Having lived through a long and savage chemotherapy regimen as recently as just eight months ago, I often find myself reflecting on what this has taught me. From the moment my legs buckled under me at being told my diagnosis, it has seemed imperative to me that it held a lesson. This surreal journey into such a frightening disease and its treatment had to have some other meaning, outside “just one of those things”.
So what was the secret that I needed to learn here? Vulnerability? Impermanence? How would I be remembered? So many thoughts and feelings of what it could be swirled around my mind during those long 8 months of treatment. I prayed that over time the lessons would become apparent.

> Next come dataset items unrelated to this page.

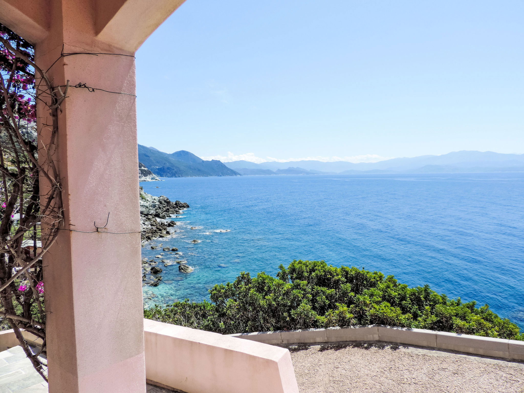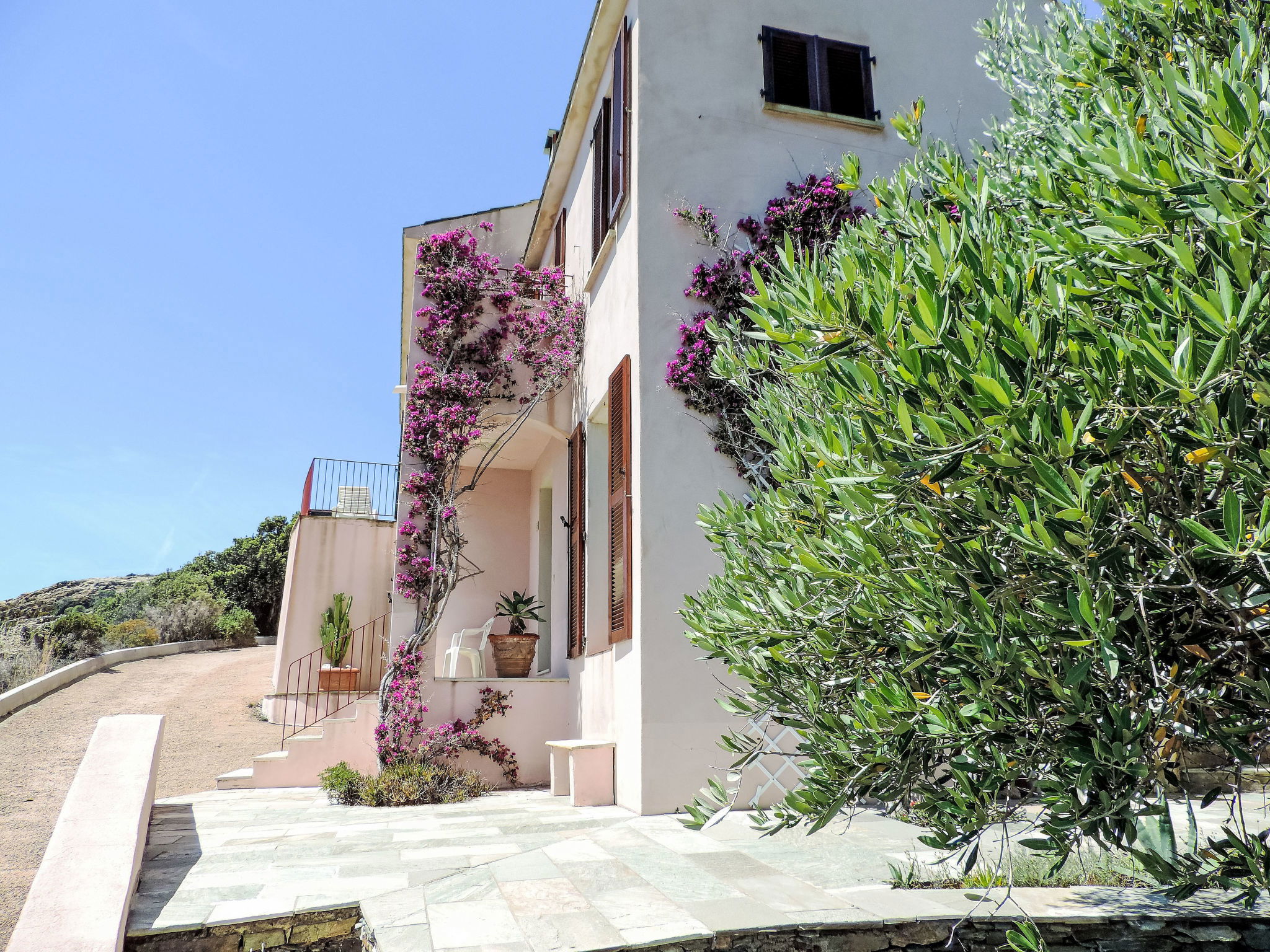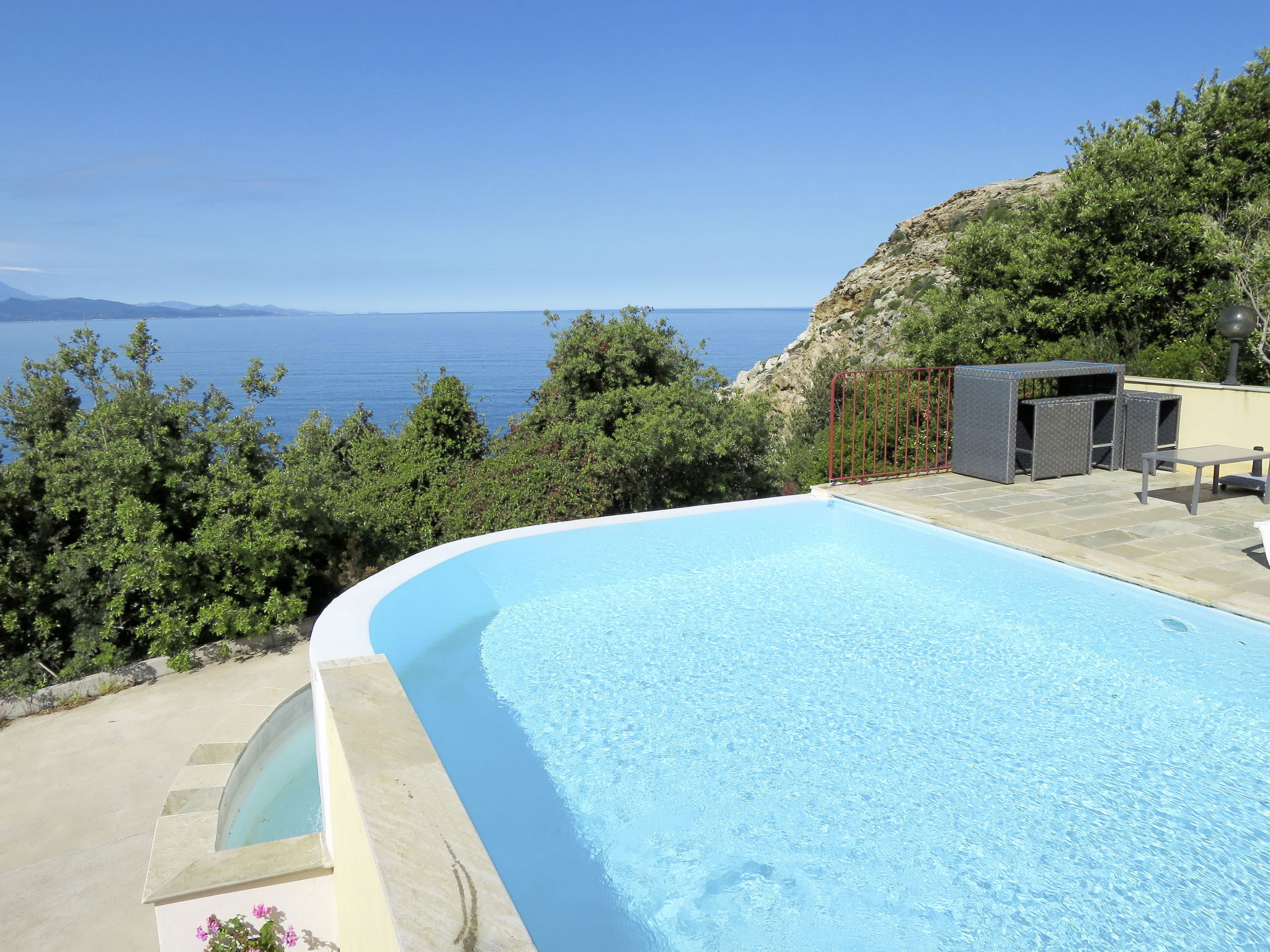 Very beautiful, cosy single-family house "Balbi". In the hamlet Cannelle 6 km from the centre of Canari, 32 km from the centre of St. Florent, 46 km from the centre of Bastia, in a secluded, elevated position on a slope, at the seaside, in the countryside. Private: natural state property 1'000 m2, well-kept terraced garden with wildlife garden and trees, swimming pool secured, fenced (6 x 4 m, seasonal availability: 01.Apr. - 31.Oct.). Terrace, garden furniture, pool maintenance by the owner/gardener. 25 m steep footpath to the house. Parking (for 2 cars) at the house at 25 m. Grocery 6 km, restaurant 2 km, bus stop 30 km, sandy beach "Plage Albo" 6 km, rocky beach 100 m (small). Walking paths from the house 100 m. Please note: car recommended.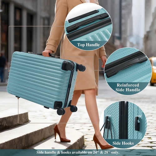 - Durable & Scratch-Resistant Design: Made from lightweight yet durable ABS material, the hardshell suitcase features a textured vertical stripe and diagonal pattern that effectively resists scratches. It minimizes damage from bumps and friction, helping extend the life of your luggage.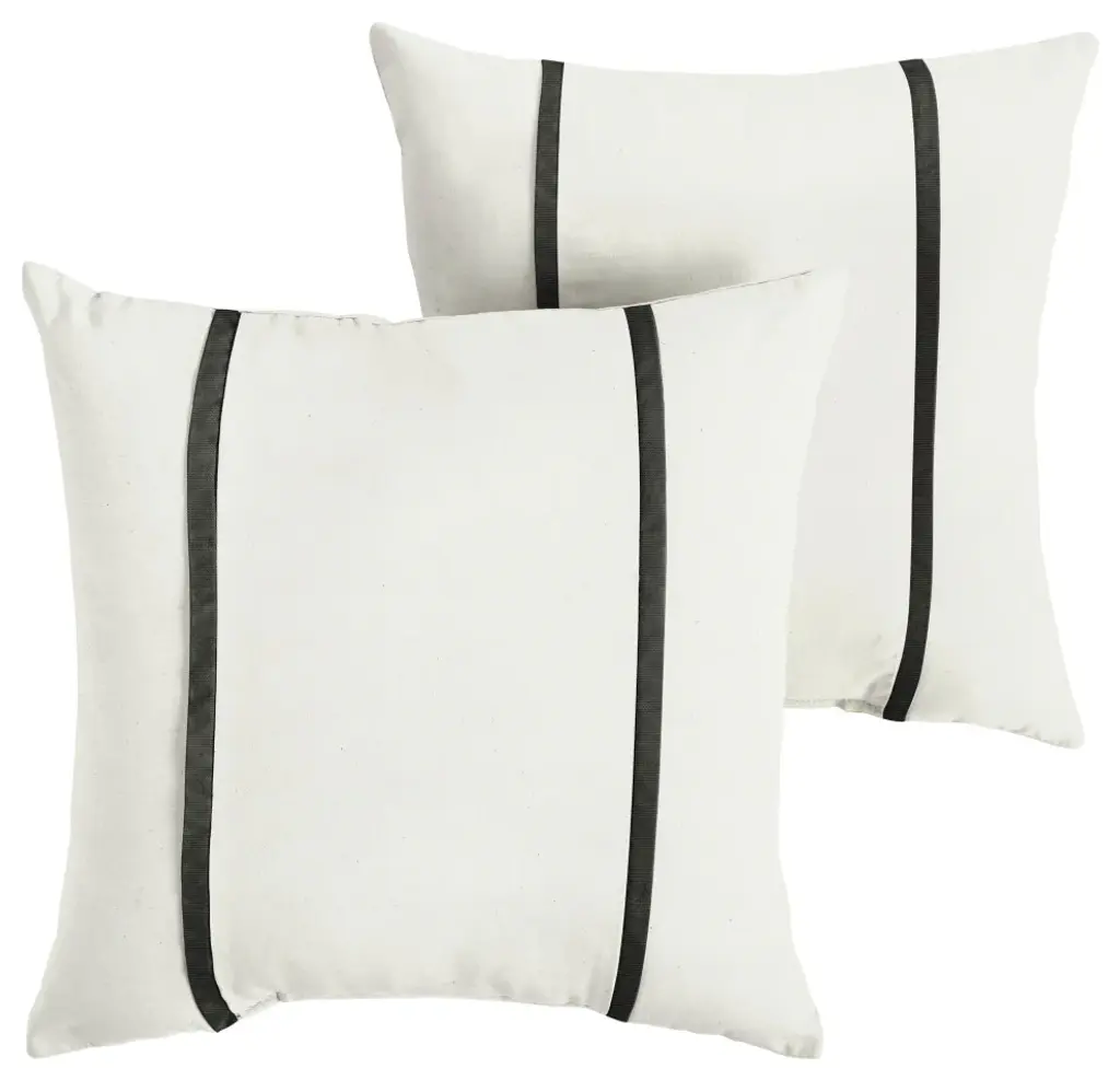Step out on your porch or patio and start brightening it up with this adorable set of two square pillows! Featuring a beautiful solid fabric in a rich, ivory hue, this pillow set is sure to add style to your space and help you enjoy the outdoors so much more! Crafted out of a performance material right here in North America, these pillows are made to withstand the sun, rain and even stains so that all you have to do is sit back and relax! Sunbrella is founded on the belief that fabrics should be both beautiful and functional. We began in the 1960s with the challenge of creating an awning canvas with a substantially longer lifespan than cotton. Sunbrella has become widely adopted for shade structures, marine canvas and upholstery fabric for both outdoor and indoor applications.Our textiles are made with close attention to design detail, and engineered with robust performance characteristics that provide resistance to fading and degradation from sunlight and chemical exposure. The fabric is tactile yet durable, has industry-leading environmental characteristics, is easy to care for and offers long life wherever it''s used.No Sunbrella manufacturing facility in the world sends waste to landfills. A result of our focus on efficiency, this monumental achievement allows Sunbrella to lead by example, putting sustainability into practice every day across the globe. Our unique coloring process not only makes Sunbrella fabrics fade-resistant, it also conserves more water than conventional dyeing processes. At Sunbrella we believe it''s important to preserve the environment around our facilities. We work to conserve the plant and animal life that is native to the area and encourage our employees to plant gardens designed to provide fresh food and nourish local wildlife.We stand behind our fabrics with a guarantee that''s the best in the industry: a 5-year limited warranty for upholstery. This warranty protects the original purchaser of Sunbrella fabric. This warranty protects against Sunbrella fabric becoming unserviceable due to color or strength loss from normal usage and exposure conditions, including sunlight, mildew and atmospheric chemicals.• Ideal for casual indoor and outdoor use• Includes two (2) square pillows• • Available in 16 inch and 20 inch sizes• • • Made in North America•

Now, 8 months on, as I try to carry on with my old life as if it had not been suspended, as if I was the same me, I have many moments that I stop and tap into myself, and notice what comes up for me. What have I learned? One pervading feeling that mostly occupies my mind and heart these days is the separateness of cancer patients undergoing treatment. The seemingly parallel path to the rest of the world that exists from the moment of diagnosis, to the time that treatment spits them out at the other end. This separateness for me had two faces, both of which had something to teach me.
One is an obvious physical separateness whereby each chemo treatment for those who suffered as I did, sees them in bed for 10 days out of 14 and the remaining 4 are spent in frailty not allowing much interaction with the outside world. Noises outside the bedroom window echo sounds of life, laughter, traffic, exhibiting so plainly the unknowing that those like me, were suffering. It told me that the hugeness of my struggle didn’t stop life going on. It was a painful realization but it taught me something to hold in my work as a therapist and more broadly as a human being … that on my best day it is someone’s worst, and on my worst, someone’s best. So in order for those days of struggle to have meaning, I needed to remember that whatever kind of day I now experience, there is always someone experiencing the opposite; and even though they are strangers to me, I want to stop and think of them so it matters.
The second is the loss of one’s physical self. For me it was bloating, baldness, skin sores and paleness. Where once I was met with smiles and hellos, I became invisible. Sales people, strangers, fellow pedestrians, looked away from me. Whether it was because of shock or just my lack of relevance to the aesthetic world, for me it was palpable and sad. Not sad as much as you may expect because I was not seen. But sadder because I wondered for how long in my life had I treated others as invisible when it was difficult to look, when it challenged my sense of aesthetic normalcy. Had I? Sadly, I think I recognized this in myself.
It occurred to me I had ironically chosen a profession where I valued a lack of judgment of people’s psychological selves as part of my role as a therapist, but how had I translated this into making sure I saw all physical carriages as relevant in my day to day life and not just in my life philosophy? I’m not sure.
My own experience of invisibility reminded me that everyone’s heart beats the same, everyone has the same need for acknowledgment of their physicality, to be loved and thought of as a relevant part of others interactions and lives. I try so hard to “see” more today. To really be mindful of those around me, and when I feel myself wanting to look away, pull my eyes back and try and smile. It seems so little to do, but so important to those who have felt that absence, as I did.
So looking back on “just one of those things”, the fear of that very scary disease and my ongoing terror of it ever returning, I’m grateful I can glean the gifts amongst all the weeds. Hopefully these lessons will serve to help me be a finer therapist and a more mindful and compassionate human being.